NobbZ · February 9, 2019, 7:50am

It is impossible to infer the enccoding just from the bytes.

<<64, 65, 66>> is probably valid in any 8bit encoding that ever existed, you will never know if this is meant to be ASCII, latin, or EBCDIC without someone telling you! If its ASCII or latin1, you can both treat the same, but if its EBCDIC you are lost.

bjorng · February 9, 2019, 8:31am

That blog post was written in 2015. At the time, the suggested solution might have been the best way to test for UTF-8 encoding.

Today, it’s easier to use the unicode module or binary matching:

  def is_valid_utf8?(<<_ :: utf8, rest :: binary>>), do: is_valid_utf8?(rest)
  def is_valid_utf8?(<<>>), do: :true
  def is_valid_utf8?(<<_ :: binary>>), do: :false

(Using the unicode module as shown in my previous post is probably faster, but will build more garbage.)

ConnorRigby · February 9, 2019, 8:34am

Hey I’m all about using language built-ins. I learned something.

scouten · February 10, 2019, 4:19pm

Thank you all. This implementation (slightly tuned from Björn’s answer) seems to do what I need it to do:

def decode(b) when is_list(b) do
  raw = :erlang.list_to_binary(b)

  case :unicode.characters_to_binary(raw) do
    utf8 when is_binary(utf8) -> utf8
    _ -> :unicode.characters_to_binary(raw, :latin1)
  end
end

Nicd · February 10, 2019, 4:56pm

Latin-1 is not a subset of UTF-8. Only the ASCII parts match (0–127), the higher values do not.

NobbZ · February 10, 2019, 5:05pm

Well, latin1 is a subset of UTF8 in the sense that every character that you can encode in latin1 is also encodable in UTF8.

Nicd · February 10, 2019, 5:16pm

That would make pretty much every charset a subset of UTF-8 since UTF-8 encodes Unicode and that includes all characters in the world.

NobbZ · February 10, 2019, 5:17pm

Yupp, all I wanted to say is, that one needs to be careful when saying “is a subset of” or is not…

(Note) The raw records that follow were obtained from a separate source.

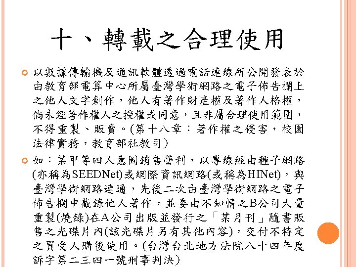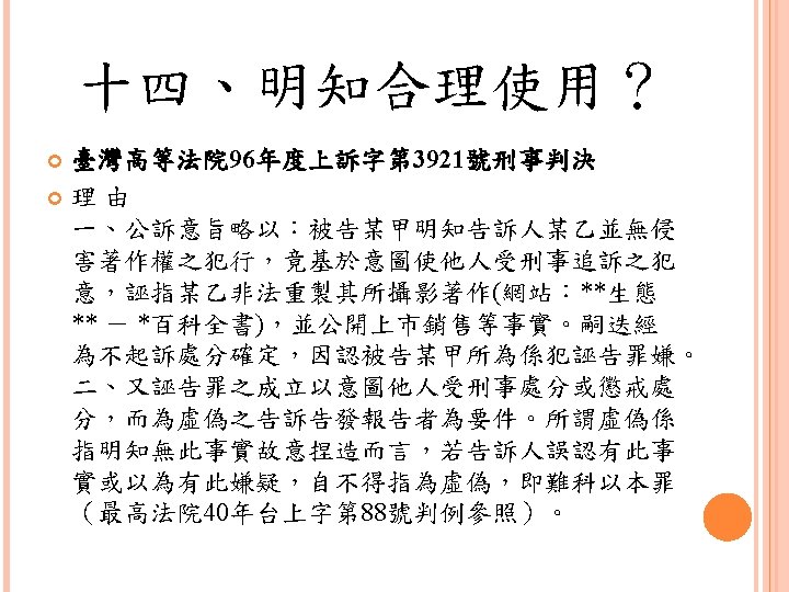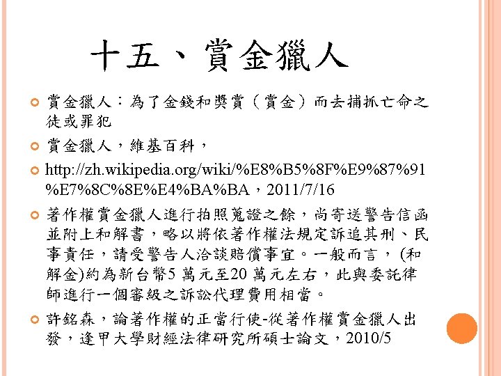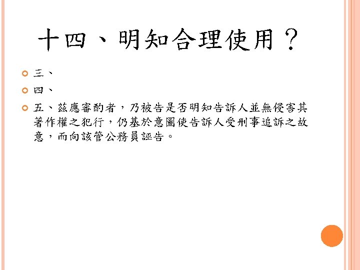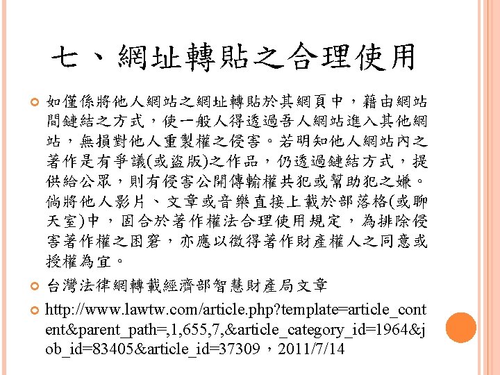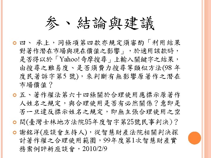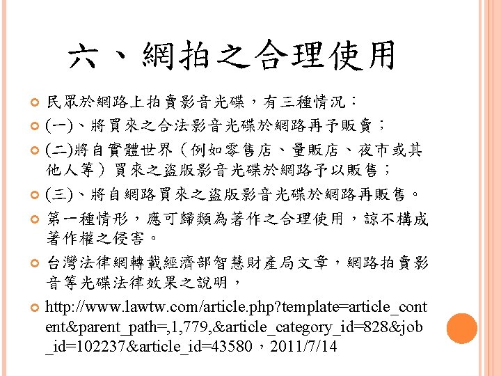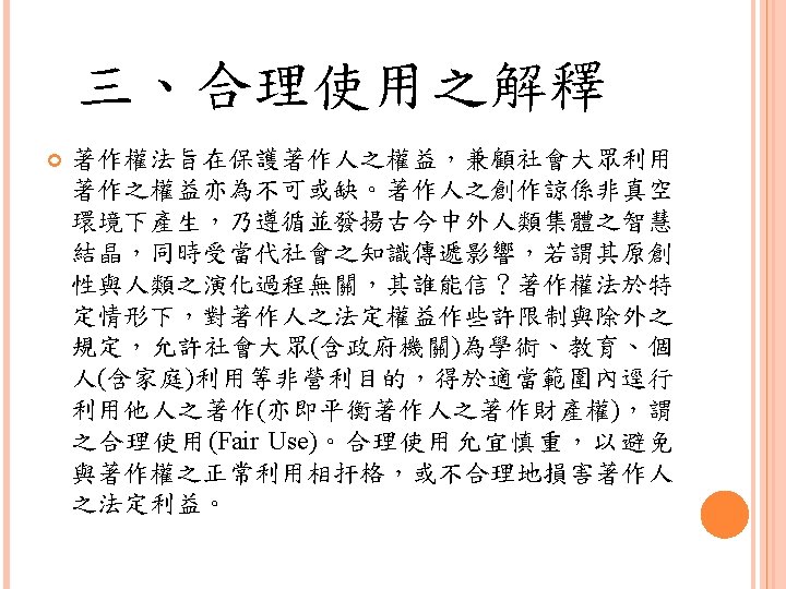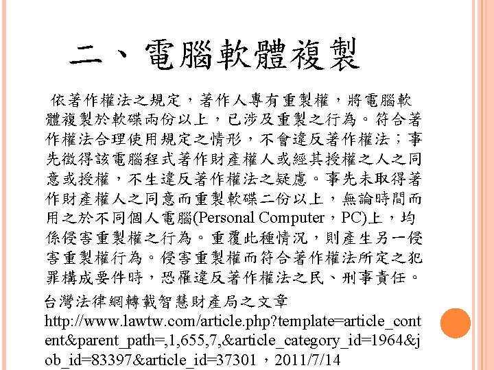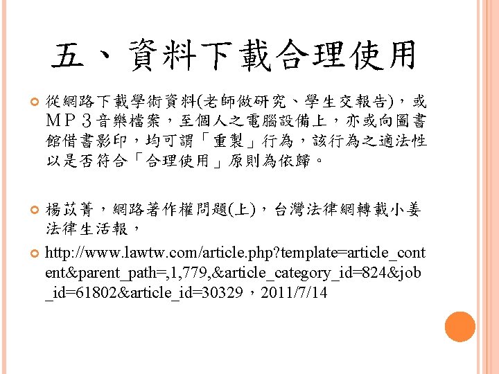 四、合理使用之判定參考 Lawrence Steingold, Technology and Employer Update: Court Eliminates Defenses for Downloading Copyrighted Materials, Querrey & Harrow, http: //www. querrey. com/assets/attachments/134. pdf, 2011/7/16 Copyright Act, Section 106, U. S. A. :Exclusive rights in copyrighted works Copyright Act, Section 107, U. S. A. :Limitations on exclusive rights: Fair use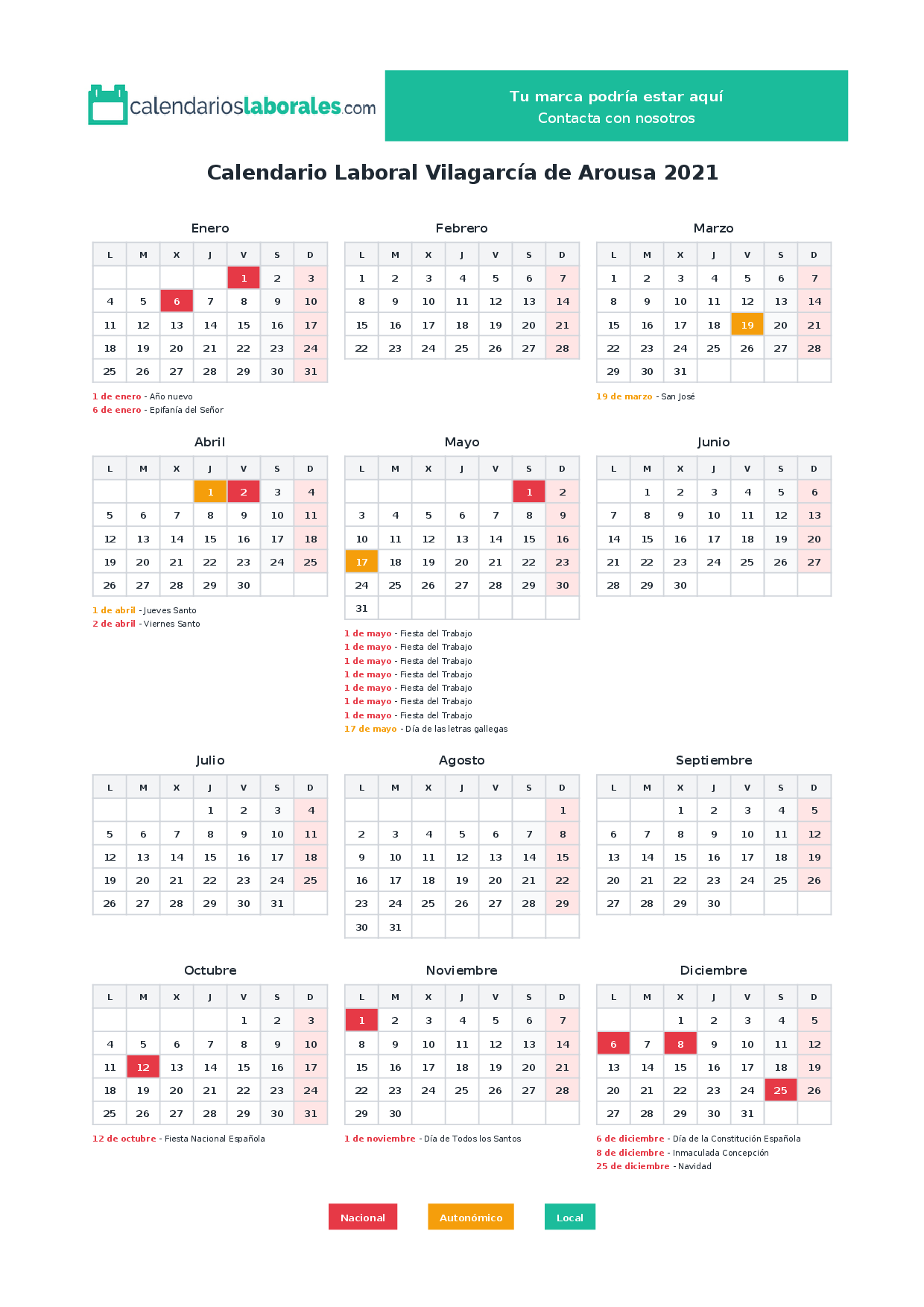 Calendario laboral Vilagarcía de Arousa 2021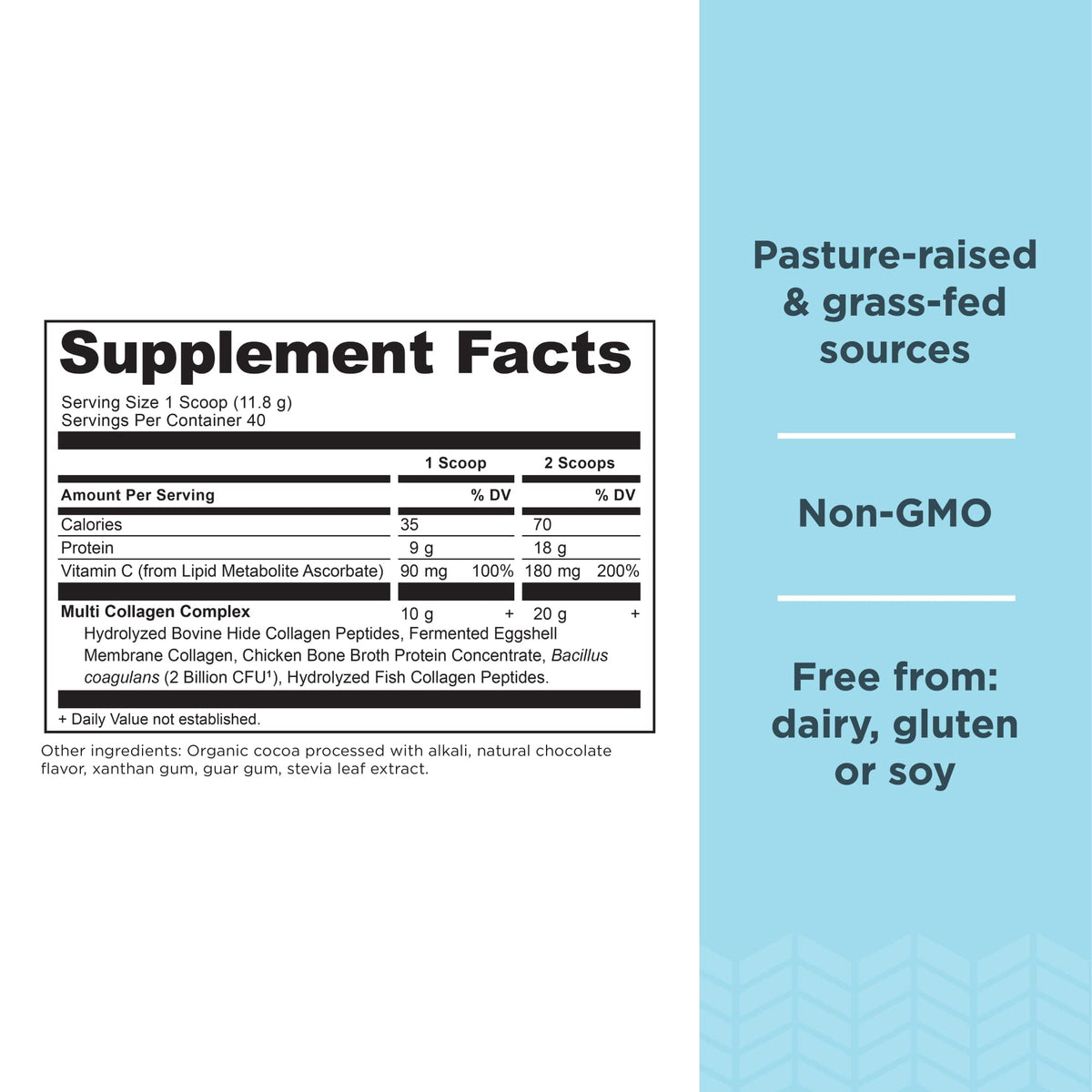 Ingredients: Hydrolyzed Bovine Collagen Peptides, Fermented Eggshell Membrane Collagen, Chicken Bone Broth Protein Concentrate, Bacillus coagulans 2 Billion CFU, Hydrolyzed Fish Collagen Peptides, Other ingredients Organic cocoa processed with alkali, natural chocolate flavor, xanthan gum, guar gum, stevia leaf extract.

scouten · February 10, 2019, 5:23pm

Yes, latin-1 is a subset of UTF-8 in the sense that all latin-1 characters can be expressed in UTF-8. However, the encodings are significantly different for code points >127.

Everything in latin-1 is a single byte; some of those single-byte values (>127) are not legal by themselves in UTF-8. To continue using Björn’s example (his name), the ö character is encoded in latin-1 as the single byte 246. In UTF-8 the byte 246 marks the first byte of a four-byte character sequence; if those bytes (which must each be in the range 128…191) do not follow, the UTF-8 sequence is invalid and the decoder must return an error.

If that error occurs when attempting to decode as UTF-8, we then fall back to latin-1.

NobbZ · February 10, 2019, 5:24pm

Yes, thats why I tend to say X is a subset of UTF-8, but their encodings are incompatible.